Van der Meulen's portraits in a simplified version of the sombre style of Anthonis Mor appealed to patrons at the English court in the early 1560s,[2] and works by him dating to that period are recorded in the 1590 inventory of the paintings of John Lumley, 1st Baron Lumley where he appears as "the famous paynter Steven".[1]
The recently discovered will, if accepted,[6] indicates that many of the portraits dated 1564-68 attributed to van der Meulen by Roy Strong in the 1960s must now be reassessed, including two portraits of Robert Dudley, 1st Earl of Leicester.
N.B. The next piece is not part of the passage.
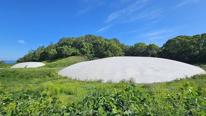 這座白色混凝土殼體結構建築(↑圖右側)長約40公尺,寬約60公尺,最高處達4.3公尺,宛如白色水滴,覆蓋唐櫃山丘的綠地上。左邊為咖啡廳&紀念品店。

A portrait pattern of Queen Elizabeth dating to the mid-1560s is confidently attributed to van der Meulen. Called by Strong the "Barrington Park" type after a representative example, these sophisticated portraits are probably a response to a proclamation of 1563, which was designed to counter the existence of many unflattering images of the Queen.[1][7] A life-size (2 m/7 ft) portrait of this type c. 1563 by van der Meulen (above), identified as the earliest full-length portrait of Elizabeth and possibly associated with the various marriage negotiations of the early 1560s, was auctioned by Sotheby's in November 2007 for £2.6 million, more than twice its expected price of £700,000–£1 million.[7][8][9]